This documentation is not really complete (yet). Please contact when you have any questions!
Throughout this documentation we assume that you are familiar with the theoretical background behind the scanning transmission electron microscope (STEM) to some degree. Also, we assume that you have some knowledge about the UNIX/Linux command line and parallelized computation. STEMsalabim is currently not intended to be run on a desktop computer. While that is possible and works, the main purpose of the program is to be used in a highly parallelized multi-computer environment.
We took great care of making STEMsalabim easy to install. You can find instructions at Installing STEMsalabim. However, if you run into technical problems you should seek help from an administrator of your computer cluster first.
Structure of a simulation¶
There essence of STEMsalabim is to model the interaction of a focused electron beam with a bunch of atoms, typically in the form of a crystalline sample. Given the necessary input files, the simulation crunches numbers for some time, after which all of the calculated results can be found in the output file. Please refer to Executing STEMsalabim for notes how to start a simulation.
All information about the specimen are listed in the Crystal file format, which is one of the two required input files for STEMsalabim. It contains each atom’s species (element), coordinates, and mean square displacement as it appears in the Debye-Waller factors.
In addition, you need to supply a Parameter files for each simulation, containing information about the microscope, detector, and all required simulation parameters. All these parameters are given in a specific syntax in the Parameter files that are always required for starting a STEMsalabim* simulation.
The complete output of a STEMsalabim simulation is written to a NetCDF file.

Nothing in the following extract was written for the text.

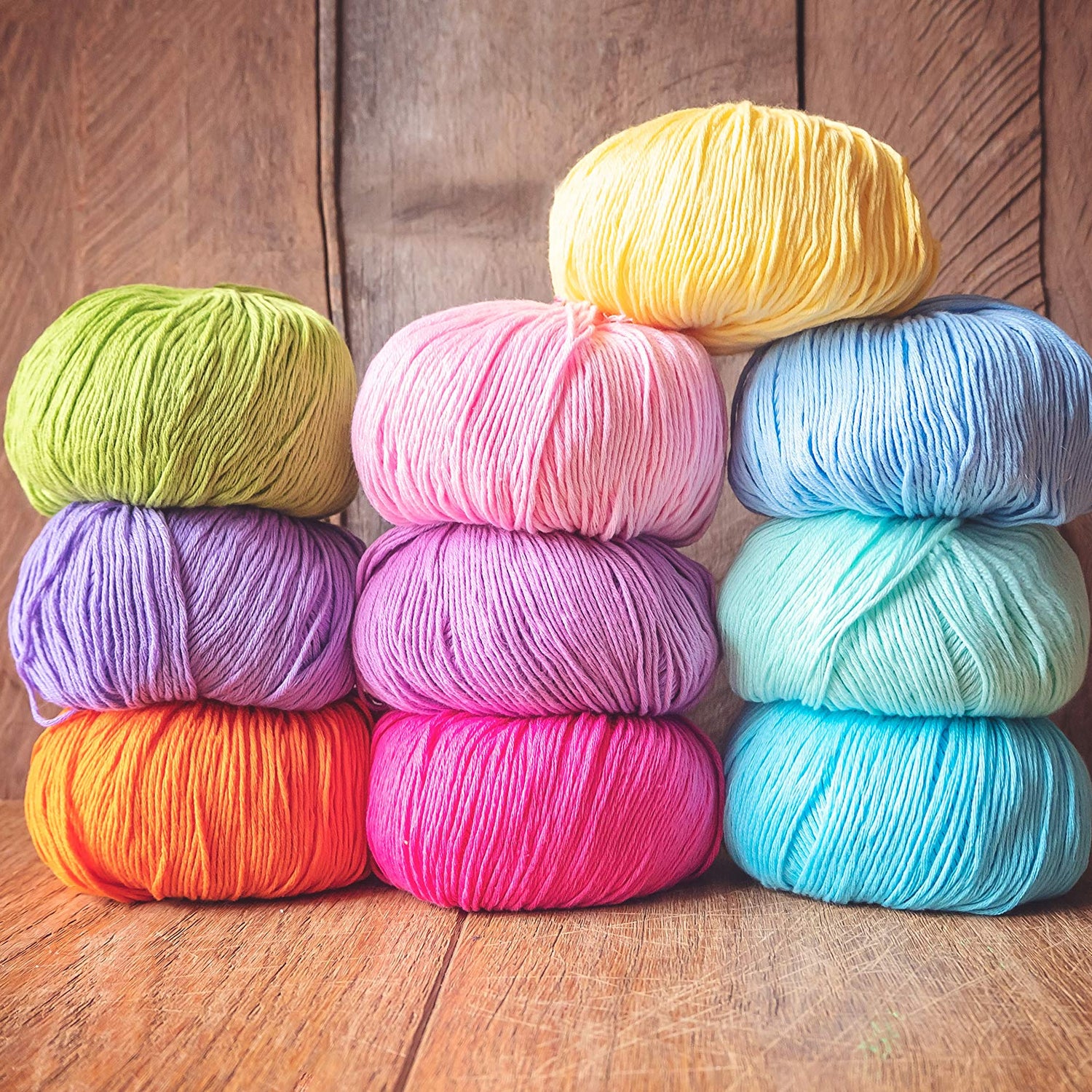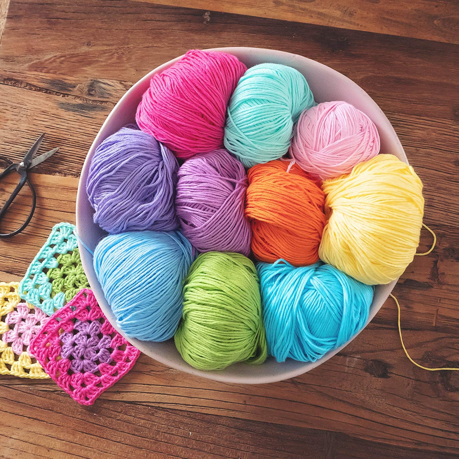 Studio Sam Pure Cotton Yarn Set for Knitting and Crochet. Pack of 10 Skeins, Total 1850 Yards. Great for Baby Blankets and Clothes. Boho Brights Collection.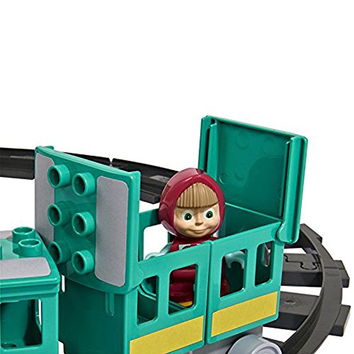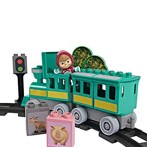 Masha is ready for a new adventure in her cute train. The train can be opened to place the figures inside and travels on tracks to go past traffic lights, a road crossing and a tree. Box includes 32 Duplo compatible pieces Box size: 35 x 23 x 9 cm (13.7 x 9 x 3.5 "). Official product with license.

NetCDF is a binary, hierarchical file format for scientific data, based on HDF5. NetCDF/HDF5 allow us to compress the output data and store it in machine-readable, organized format while still only having to deal with a single output file.
You can read more about the output file structure at Output file format.
Hybrid Parallelization model¶
STEMsalabim simulations can be parallelized both via POSIX threads and via message passing interface (MPI). A typical simulation will use both schemes at the same time: MPI is used for communication between the computing nodes, and threads are used for intra-node parallelization, the usual multi-cpu/multi-core structure.
A high performance computation cluster is an array of many (equal) computing nodes. Typical highly-parallelized software uses more than one of the nodes for parallel computations. There is usually no memory that is shared between the nodes, so all information required for the management of parallel computing needs to be explicitely communicated between the processes on the different machines. The quasi-standard for that is the message passing interface (MPI).
Let us assume a simulation that runs on \(M\) computers and each of them spawns \(N\) threads.
There is a single, special master thread (the thread 0 of the MPI process with rank 0) that orchestrates the simulation, distributes work packages and does all the I/O. This is to avoid race conditions and prevent waiting times of the worker process. All other threads (\((M\times N)-1\)) participate in the simulation.
A typical STEMsalabim simulation is composed of many independent multi-slice simulations that differ only in the position of the scanning probe. Hence, parallelization is done on the level of these multi-slice simulations, with each thread performing them independently from other threads. In order to reduce the number of MPI messages being sent around, only the main thread of each of the \(M\) MPI processors communicates with the master thread. The master thread sends a work package containing some number of probe pixels to be calculated to an MPI process, which then carries out all the calculations in parallel on its \(N\) threads, and sends back the results when it is finished. After the results are received by the master thread, it sends another work package to the MPI process until there is no work left. In parallel, the worker threads of the MPI process with rank 0 also work on emptying the work queue.
Within one MPI processor, the threads can share their memory. As the main memory consumption comes from storing the weak phase objects of the slices in the multi-slice simulation, which don’t change during the actual simulation, this greatly reduces memory usage as compared to MPI only parallelization. You should therefore always aim for hybrid parallelization!